If you want to succeed in technology — which relies on being disruptive, on challenging conventional wisdom, breaking down barriers and forcing reluctant organizations to rewrite the rules of engagement — you need to be aggressive. You need to push people beyond their comfort zone. For instance, Uber CEO Travis Kalanick has had to be creative in offering riders more and more reasons to use his service rather than hail a cab or use a rival like Lyft — and so was born the idea of enabling the customer to stream his or her own music as part of the ride experience. It has also meant challenging local licensing regulations and other restrictions and combatting protests by taxi owners.

But where is it written that a CEO and his senior executives — even if they are misfits best suited to the rough and tumble that is life in a startup — are exempt from all standards of normal behavior? The incident involving Sarah Lacy wasn’t the only time that Uber has crossed the line with a female journalist recently; in another case, they tracked a journalist traveling in an Uber car that she had summoned and paid for, using an app known as “God View.”

There are other stories, too, some involving alleged assaults and abductions by Uber drivers or dirty tricks to sabotage rivals. In some cases — such as the driver who responded to a canceled pickup request by texting the customer that she was an animal and deserved her cancer — Uber has acted promptly: they fired the driver.
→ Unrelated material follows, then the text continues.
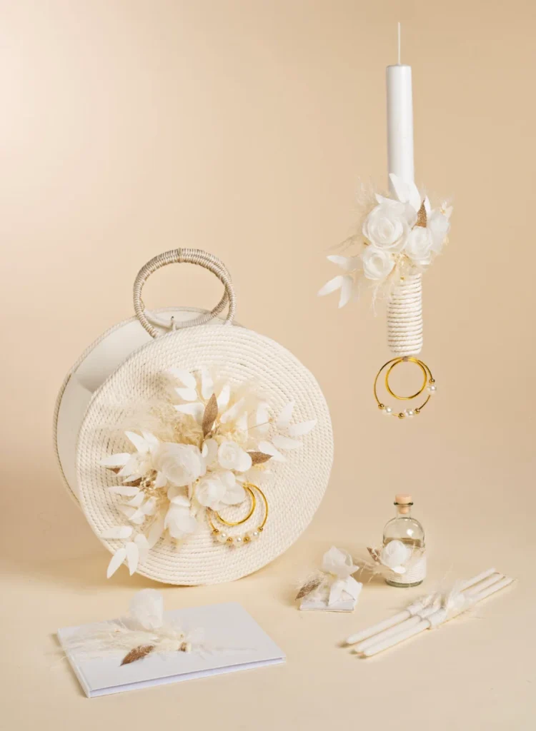 Ένα βαφτιστικό πακέτο για ξεχωριστά γούστα. Ξύλινο στρογγυλό κουτί  με φυσικά κορδόνια. Μπροστά, ένα μπουκέτο με λευκές φτέρες, φυσικά pampas και χειροποίητα υφασμάτινα λουλούδια. Χρυσά στεφανάκια με πέρλες και μεταλλικές χάντρες. Η petit λαμπάδα ξεχωρίζει για το μέγεθος και τον ιδιαίτερο στολισμό της. Σετ λαδιού, ευχολόγιο, συνδυασμένα άψογα για μία βάφτιση που θα ξεχωρίσει.

Kalanick apologized for Emil’s comments in a series of Twitter posts and the company said on Thursday that it has hired a law firm to audit the way it handles customer data. Even so, the calls are growing for Michael and/or Kalanick to go. The image of an arrogant company led by jerks — people who insist that they, and only they, have the secret for the way the world should unfold — has only grown. The company’s leaders came off appearing eager to pocket the profits, but less so to shoulder the responsibilities associated with serving customers, including fielding criticism.

Related: The Sharing Economy Takes a Giant Step Forward

This is a particular issue in Silicon Valley, perhaps, which isn’t just a hotbed of innovation but also the focal point of “bro-grammer” culture. It has become a vicious circle: With so many young men flocking to the area, it can be about as welcoming an environment to women as a fraternity house full of drunken undergraduates. Women fill only a fraction of the technical roles in Silicon Valley firms. 
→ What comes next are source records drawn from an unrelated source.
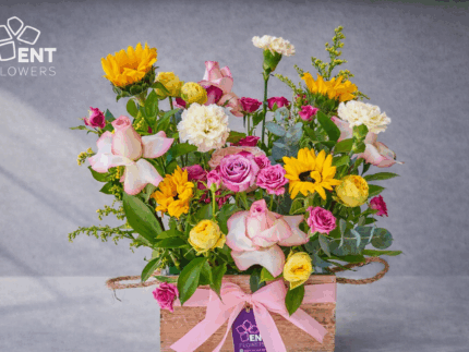 4 Rose 2 color, 4 Rose Purple, 3 Sun Flower, 3 Carnation Light Yellow, 4 Baby Rose Pink, 2 Bombastic Yellow, 2 Solidago, 5 Ruscus leaves, 2 Eucalyptus leaves and Unique Wood tray.
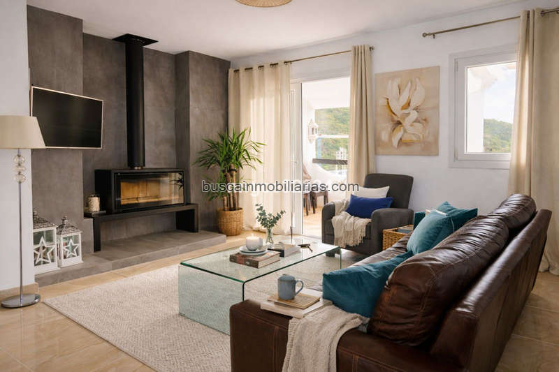 En el interior, esta luminosa vivienda renovada de 3 dormitorios y 2 baños ofrece comodidad y modernidad. El amplio salón de concepto abierto se conecta directamente con una generosa terraza ideal para invitar, con vistas serenas a las montañas, colinas verdes, tejados del pueblo e incluso vistas parciales al mar. El dormitorio principal con baño en suite también se abre a esta terraza, creando un refugio interior–exterior.
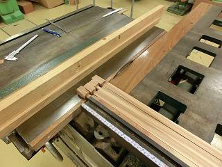 4つ分つながった状態でほぞを作り、その後で縦引きして4つに分けた。

And the jerks may be to blame. 

Will the Uber backlash lead to changes, or is the jerk gene inextricably linked with the gene for entrepreneurial success? Does the struggle have to be a Darwinian one, with the fiercest competitor — the one willing to draw the most blood, throw the biggest temper tantrums, cross the most ethical boundaries — walking away with the prize?
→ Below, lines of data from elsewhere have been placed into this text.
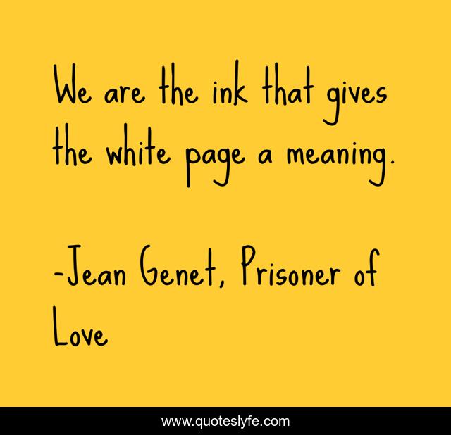 "Jean Genet, Prisoner of Love Quotes." Quoteslyfe.com, 2025. Sun. 07 Dec. 2025. <https://www.quoteslyfe.com/quote/We-are-the-ink-that-gives-the-125315>.
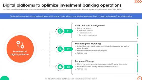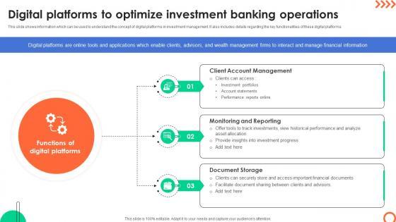 This slide shows information which can be used to understand the concept of digital platforms in investment management. It also includes details regarding the key functionalities of these digital platforms. Crafting an eye-catching presentation has never been more straightforward. Let your presentation shine with this tasteful yet straightforward Digital Platforms To Optimize Investment Understanding Investment Banking Framework Fin SS V template. It offers a minimalistic and classy look that is great for making a statement. The colors have been employed intelligently to add a bit of playfulness while still remaining professional. Construct the ideal Digital Platforms To Optimize Investment Understanding Investment Banking Framework Fin SS V that effortlessly grabs the attention of your audience Begin now and be certain to wow your customers This slide shows information which can be used to understand the concept of digital platforms in investment management. It also includes details regarding the key functionalities of these digital platforms.
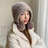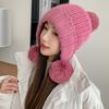 Warm Hairball Ear Protection Face Knitted Hat Women's Winter Rabbit Hair Cold-proof Wool Hat Plush Pullover Hat Women

If it is, where does that leave us? We’ve seen, time and time again, the consequences of pushing the envelope in the corporate sphere. The leaders of Enron, WorldCom, and Tyco did it. The investment banks did it in the years leading up to 2008. Rogue traders like Joseph Jett and Nick Leeson did it, and brought their financial institutions down with them. Jerks tend to be arrogant, and arrogance, too often, brings with it complacency. If you’re an investor, those are characteristics you really don’t want to see in a CEO.